The Problem with OLSR
OLSR works, but it’s wasteful.
It sends HELLO and TC messages constantly, even when nobody is actually sending data. In a quiet network, all that routing overhead is pure waste.
What if we only discovered routes when we actually need them?
That’s the idea behind AODV.
Proactive vs Reactive
AODV: On-Demand Routing
AODV is reactive. It does nothing until someone wants to send data.
When node A wants to reach node D:
- A checks its routing table
- No route? Start route discovery
- Route found? Just send the packet
No constant chatter. No wasted updates. Routes are discovered on demand.
Route Discovery: RREQ
When A needs a route to D, it broadcasts a RREQ (Route Request).
The RREQ contains:
- Source address (A)
- Destination address (D)
- Sequence numbers (to prevent loops)
- Hop count (starts at 0)
Every node that receives the RREQ rebroadcasts it (if they haven’t seen it before).
The Reverse Path
Here’s the clever part.
As the RREQ floods outward, each node remembers where it came from. This creates a reverse path back to the source.
By the time RREQ reaches D, every node along the way knows how to get back to A.
Route Reply: RREP
When D receives the RREQ, it sends back a RREP (Route Reply).
The RREP travels back along the reverse path that was set up during the RREQ flood.
As the RREP travels back:
- Each node learns the forward path to D
- When RREP reaches A, the route is complete
A can now send data to D. The route was discovered only when needed.
Intermediate Route Reply
What if some node along the way already knows how to reach D?
It can send the RREP immediately! No need to flood all the way to D.
This speeds up route discovery when routes are partially known.
Route Maintenance: RERR
Nodes are mobile. Links break.
When a node detects a link failure (neighbor disappeared), it sends a RERR (Route Error) back to the source.
The source can then:
- Start a new route discovery
- Or use an alternative route if one exists
AODV Message Summary
| Message | Purpose | Who Sends |
|---|---|---|
| RREQ | Find a route to destination | Source (broadcast) |
| RREP | Reply with route information | Destination or intermediate |
| RERR | Report a broken link | Node detecting failure |
The Trade-off
AODV saves bandwidth when the network is quiet. But there’s a cost.
The first packet waits.
When A wants to send to D, the first packet must wait while:
- RREQ floods the network
- RREP travels back
This is called route discovery latency.
OLSR: Routes always ready, constant overhead AODV: No overhead when idle, but delay on first packet
Deficiency: Route Discovery Latency
For real-time traffic (voice, video), waiting for route discovery is a problem.

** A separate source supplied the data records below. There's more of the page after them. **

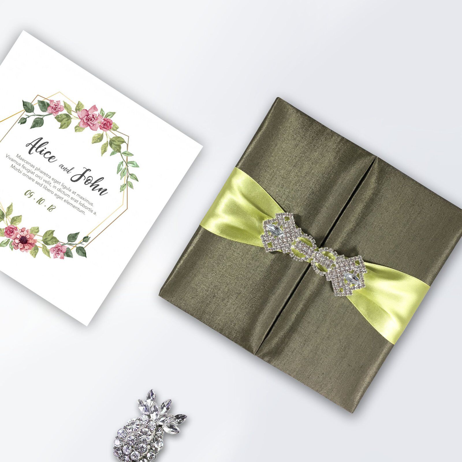 Looking for uniform green and chartreuse invitations? We have designed this breath taking silk invitation box with large rhinestone brooch for you invitation cards. Stylish, unique and original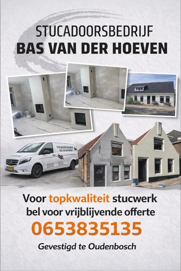 Bent u op zoek naar een betrouwbare vakman voor perfect afgewerkte wanden en plafonds? Stucadoorsbedrijf bas van der hoeven staat voor kwaliteit, strakke afwerking en duidelijke afspraken. ✔ Glad plei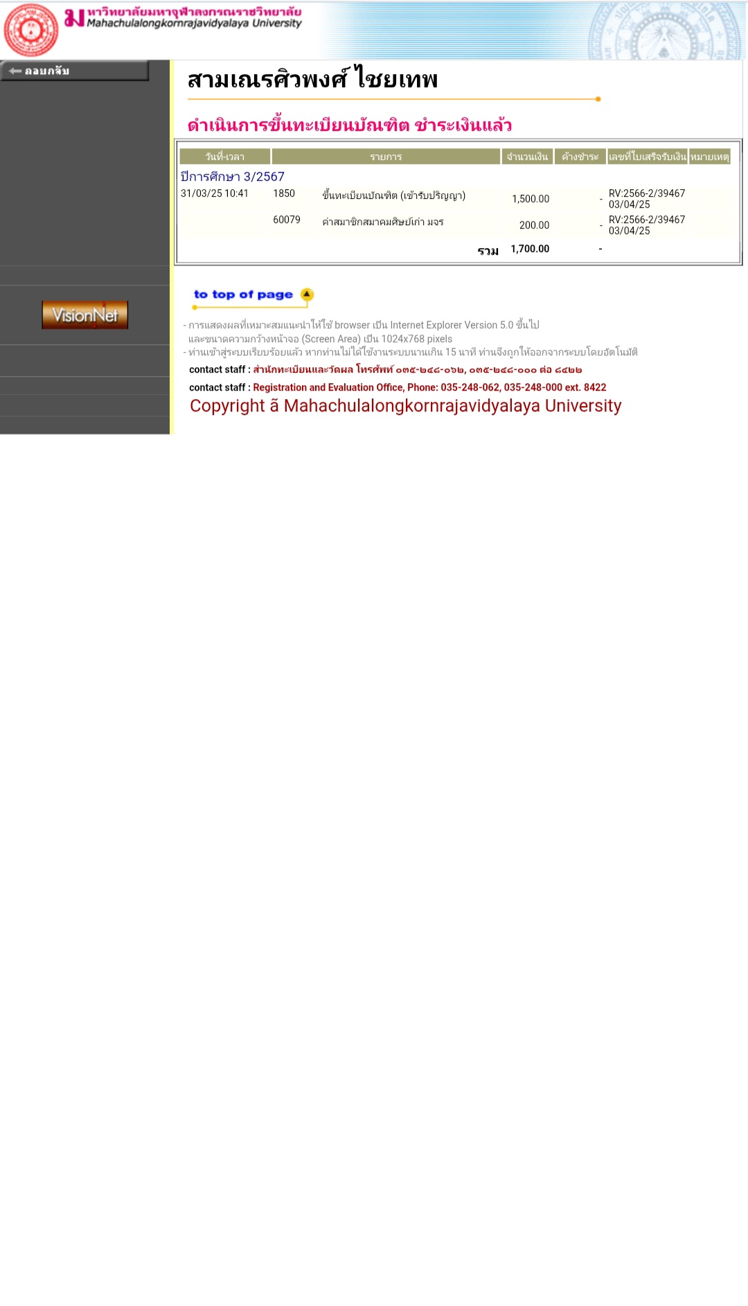 | สถานะเข้าพิธีประสาทปริญญา : บรรพชิต | ระดับ : ปริญญาตรี | สังกัดคณะ: คณะสังคมศาสตร์ | สาขาวิชา: รัฐศาสตรบัณฑิต |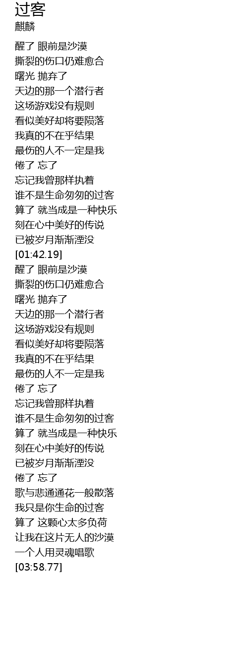 | [01:17.38] | 谁不是生命匆匆的过客 |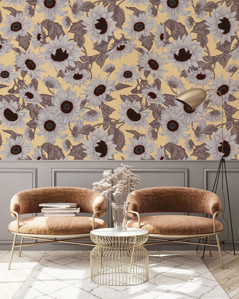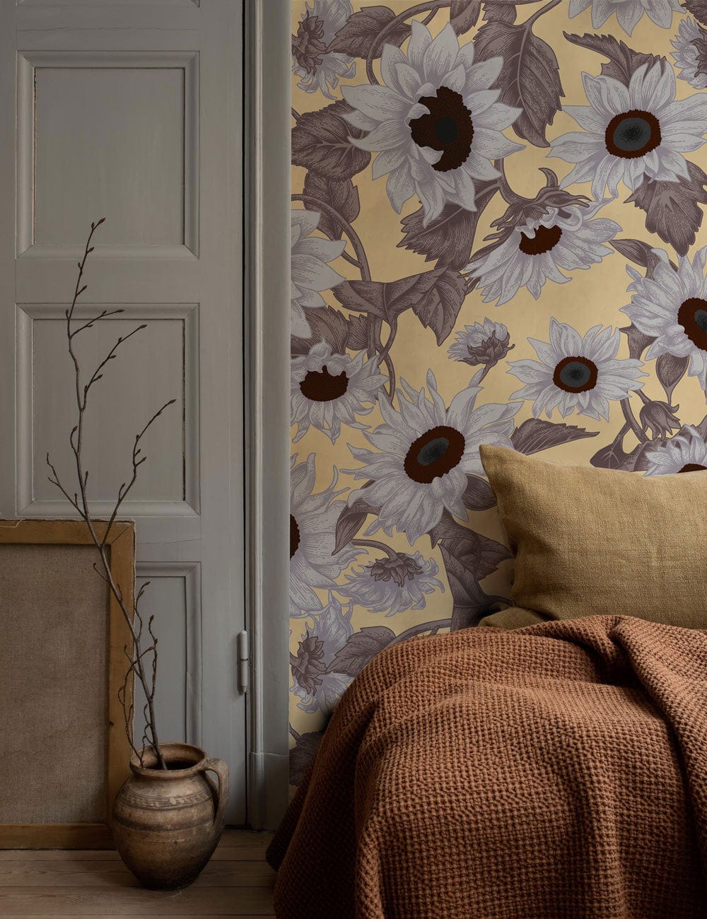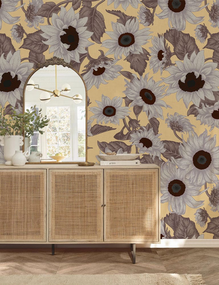 The Grey Daisies Wallpaper Mural introduces an exquisite floral pattern with its delicate daisy motifs set against a muted yellow backdrop. This sophisticated design brings natural beauty and timeless charm into any space, seamlessly blending with both vintage and contemporary interiors. The detailed artistry and soft tones create an inviting atmosphere, making it a perfect choice for those seeking a subtle yet refined decorative statement.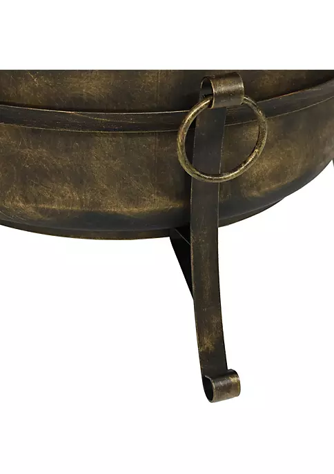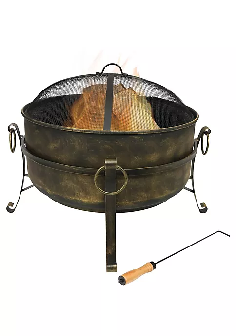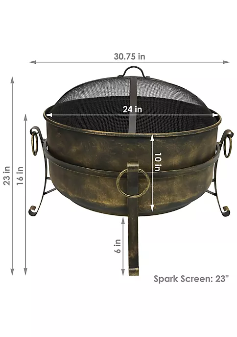 - LARGE SIZE: This steel cauldron fire pit is perfect to have many people around for a bonfire in the patio, yard or garden with an overall 24-inch diameter x 23-inch height, while weighing 20 pounds. The backyard bonfire pit is 16 inches tall without the spark screen, while each of the three legs are 6 inches tall.
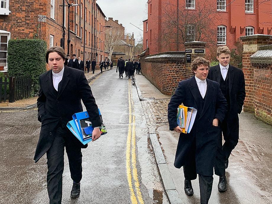 课间10分钟,伊顿公学的学生从一个课堂匆匆赶往另一个课堂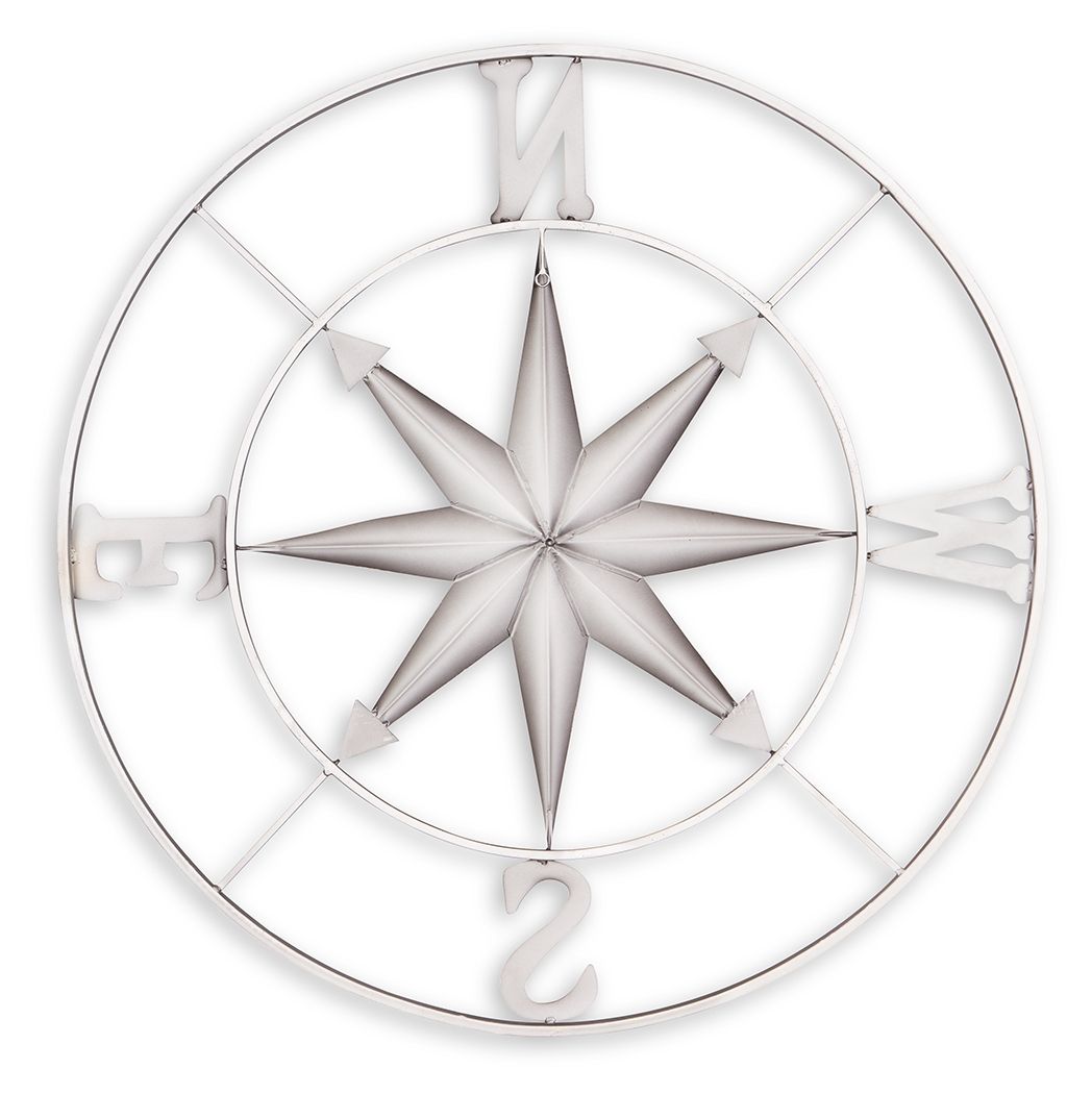 Infuse your space with the farmhouse style of this metal compass wall art. With antiqued gray directional markers and arrow points in a round frame, it adds a casual dimension to your space. Place it in the center of a wall, over a mantel or above a sofa or bed to add a nautical feel anywhere it's displayed.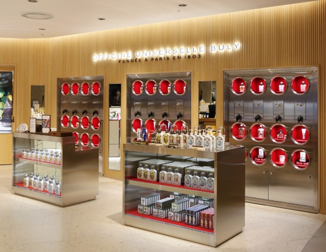 해당 매장은 내부는 고전적이면서도 고급스러운 브랜드 정체성을 느낄 수 있도록 꾸며졌다. 스틸 소재를 중심으로 사각형과 원을 조화롭게 구성해 19세기 감성을 현대적으로 재해석했다. 불필요한 디테일을 과감하게 없애고 강렬한 레드 색상 벨벳 소재를 포인트로 활용해 제품 자체에 대한 집중도를 높였다. 향수 제품 아래에는 에어 펌프가 달린 서랍을 배치해 재미있고 효과적인 시향 경험이 가능하도록 했다.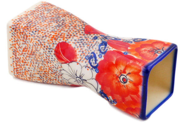 This Poppy Passion 7" Vase was handmade and hand decorated in Boleslawiec, Poland by skilled artisans according to old traditional methods. This is a Polish pottery Signature Unikat, which means that it has been hand painted with both sponges and brushes and it is signed by the artist who painted it. Unikat pieces are the most intricate works of art. Larger Unikat items take hours of very careful work to finish. This Polish stoneware is microwave, dishwasher, freezer, and oven safe up to 480°F. It does not contain lead or cadmium. It is part of the Poppy Passion Collection.
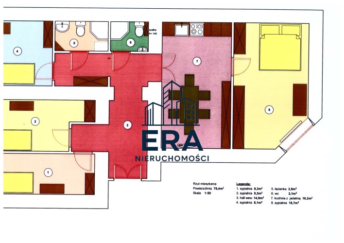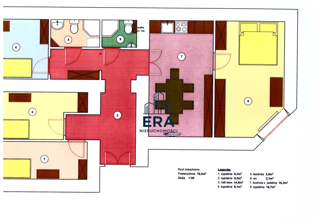 Istnieje możliwość przearanżowania przestrzeni mieszkalnej poprzez usunięcie niektórych ścianek działowych i tym samym powiększenie istniejących pokoi. Ze względu na swoją lokalizację mieszkanie doskonale sprawdzi się zarówno z przeznaczeniem pod inwestycję np. na najem pokoi, jak i na przestrzeń mieszkalną dla rodziny.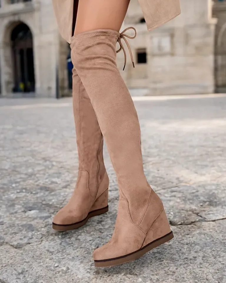 - Długie damskie kozaki na grubszej podeszwie, cholewka wykonana z eko-zamszu. Buty są zapinane na suwak na wysokości kostki. Model na koturnie. Idealna baza dla wielu letnich outfitów!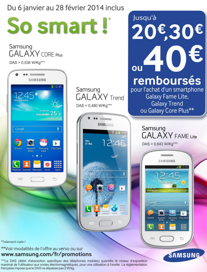 La Samsung Galaxy Fame Lite, dernier né de la boutique bénéficie d’une offre de remboursement de 20 € jusqu’au 28 février 2014 en suivant la procédure de remboursement disponible sur ce lien. Le prix du téléphone vendu 109 € peut donc tomber à 89 €.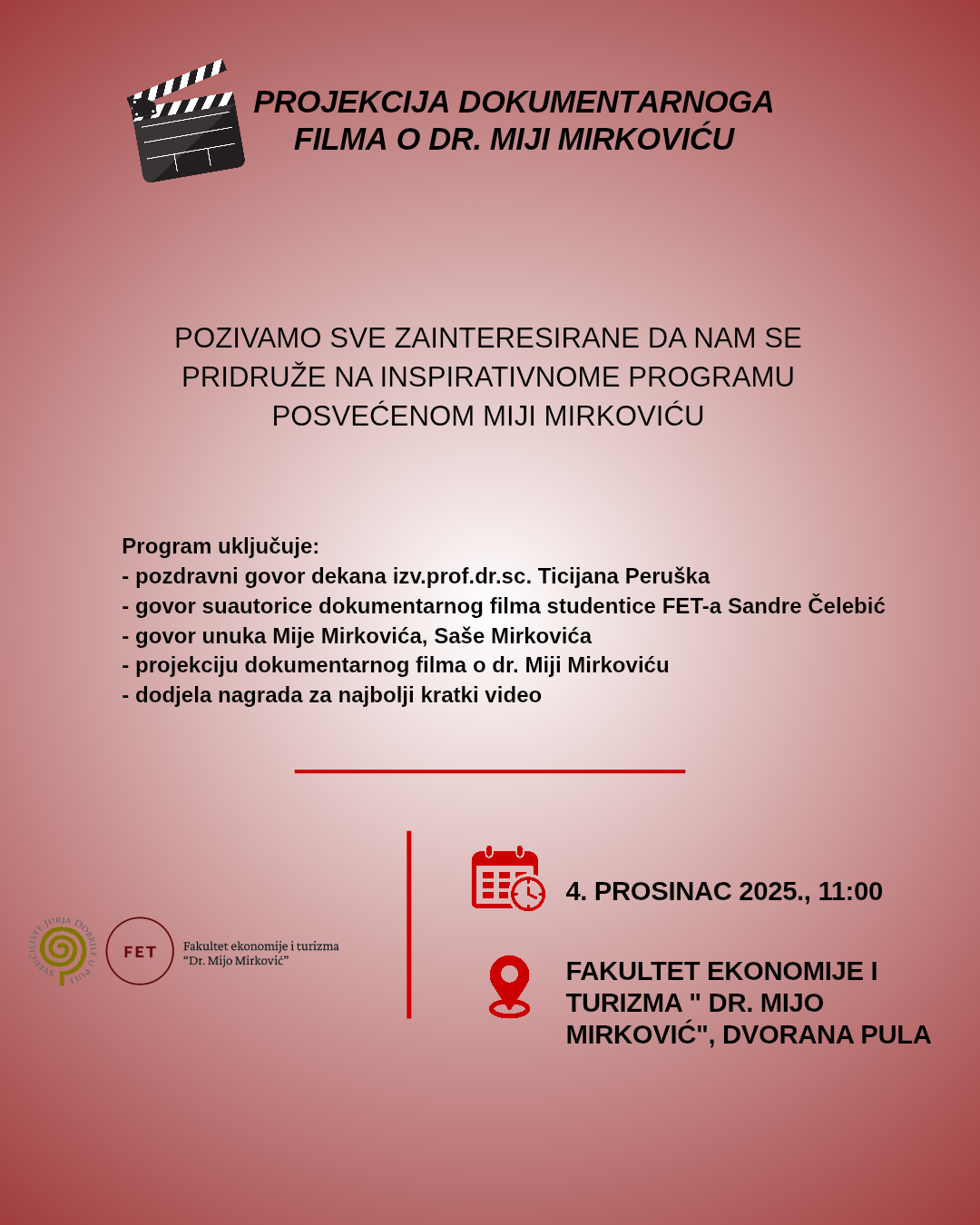 Događaj se održava 4. prosinca 2025. u 11.00 sati u dvorani Pula (FET).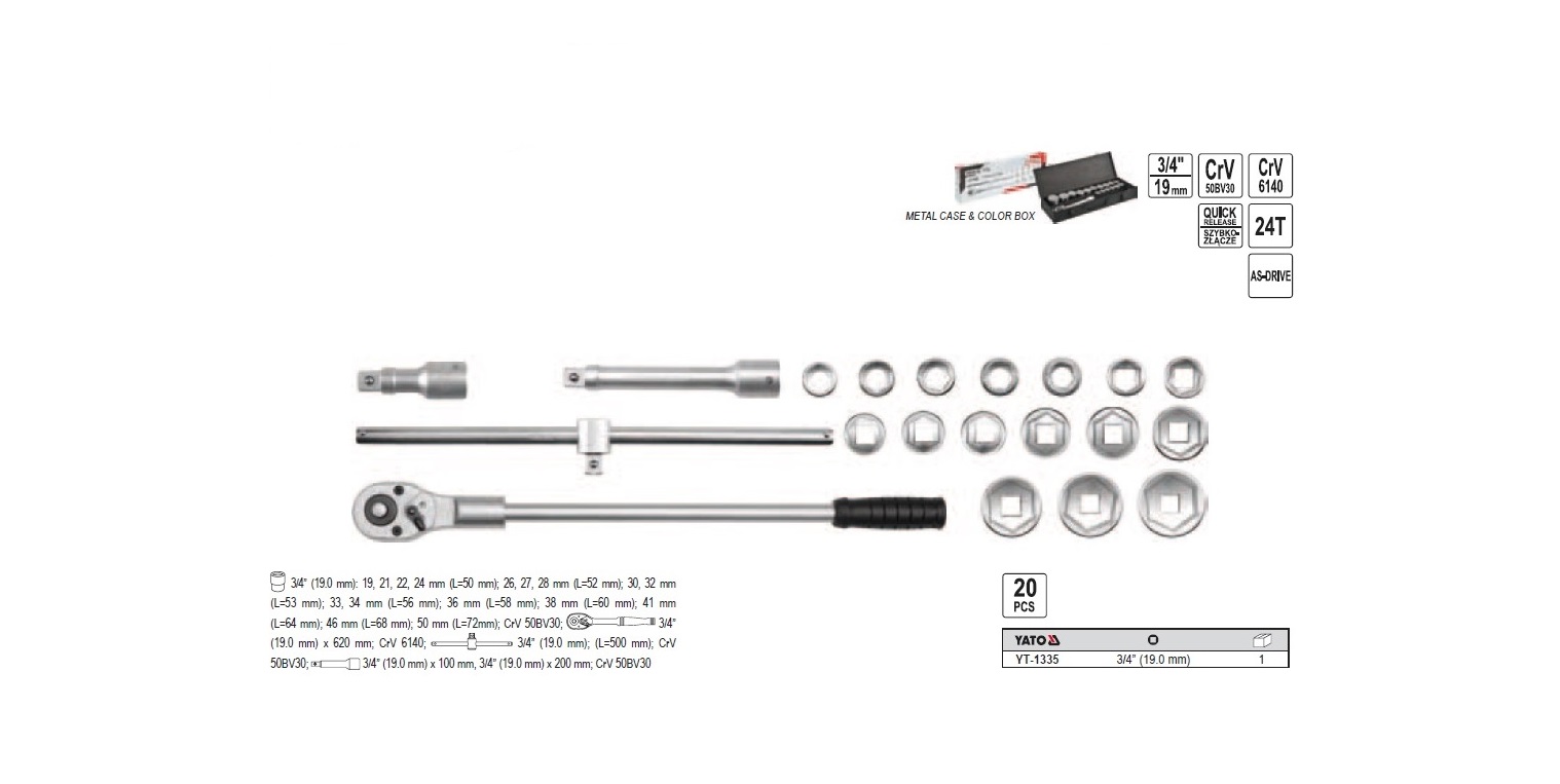 Naziv proizvoda : Yato garnitura nasadnih ključeva 3/4" 20 kom YT-1335
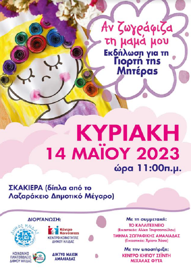 Την εκδήλωση διοργανώνουν ο Δήμος Ήλιδας, το Κέντρο Κοινότητας του Δήμου Ήλιδας, το Κοινωνικό Παντοπωλείο του Δήμου Ήλιδας και το Δίκτυο Μαιών Αμαλιάδας. Συμμετέχουν τα καλλιτεχνικά εργαστήρια της Αμαλιάδας ΤΟ ΚΑΛΛΙΤΕΧΝΕΙΟ και το ΤΜΗΜΑ ΖΩΓΡΑΦΙΚΗΣ ΑΜΑΛΙΑΔΑΣ, με μητέρες και παιδιά να αναλαμβάνουν ρόλο ζωγράφου με εικαστικές δημιουργίες δίνοντας το δικό τους μήνυμα για τη γιορτή της μητέρας, ενώ παράλληλα θα γίνει και αποκατάσταση της τοιχογραφίας που έχει γίνει στη Σκακιέρα με θέμα την ευαισθητοποίηση και την πρόληψη για τον καρκίνο του μαστού.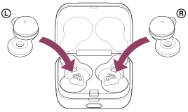 Levo enoto slušalk (enota z otipljivo piko) vstavite v levo odprtino v ohišju za polnjenje, desno enoto slušalk pa vstavite v desno odprtino v ohišju za polnjenje. Enoti vstavite, dokler ne slišite klika, in preverite, ali sta se zaskočili v ohišje za polnjenje.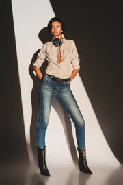Subcategoria: Calças de ganga. Perna: Skinny. estilo: Casual. Tipo calças de ganga: Distressed. detalhe: Acessório não incluído. Tecido: Ganga elástica. bolsos: Cinco sacos. Fechamento : Fecho de zíper. Detalhes do produto: Bolsos funcionais. runs true to size. S.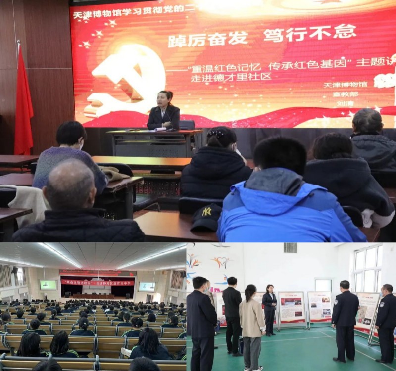 天津博物馆坚持以人民为中心的发展思想,积极开展“七进”活动,将展览内容、时事热点浓缩为一场讲座、一次流动展览、一项文化体验活动等,在天博宣传教育部成员的积极策划下,送进社区、学校、企业、乡村、军营、机关、网络,打通宣传群众、教育群众、关心群众、服务群众的最后一公里,让老百姓充分享受到公共文化资源的福利,通过博物馆的流动宣传让文物“活”起来。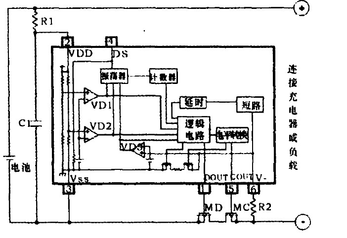 圖1中,DOUT為過放電檢測的CMOS輸出,COUT為過充電檢測的CMOS輸出,VDD為電池電壓輸入,VSS為芯片接地引腳,DS為響應(yīng)延遲時間縮短控制輸入端,V-為放電過流檢測端。

The delay can be hundreds of milliseconds in a large network.
Also: Route discovery causes a flood of RREQ packets. If many nodes start discoveries at once, the network gets congested.
AODV trades constant overhead for occasional flooding.
When to Use AODV
Good for:
- Sparse traffic (long idle periods)
- Battery-constrained devices
- Networks where not everyone talks to everyone
Bad for:
- Real-time traffic (latency-sensitive)
- Dense traffic (frequent route discoveries)
- Highly mobile networks (routes break often)
OLSR vs AODV
| Aspect | OLSR | AODV |
|---|---|---|
| Type | Proactive | Reactive |
| Route discovery | Always ready | On-demand |
| Overhead when idle | High | None |
| First packet delay | None | Route discovery time |
| Best for | Dense traffic | Sparse traffic |
| Standardized | RFC 3626 | RFC 3561 |
Neither is “better”. They’re optimized for different scenarios.
Summary
| Concept | Description |
|---|---|
| Reactive | Routes discovered only when needed |
| RREQ | Route Request (floods to find destination) |
| RREP | Route Reply (travels back to source) |
| RERR | Route Error (reports broken links) |
| Reverse path | Set up during RREQ flood |
| Deficiency | Route discovery latency |
AODV is the opposite of OLSR. It waits until you need a route, then finds one. No constant overhead, but the first packet has to wait.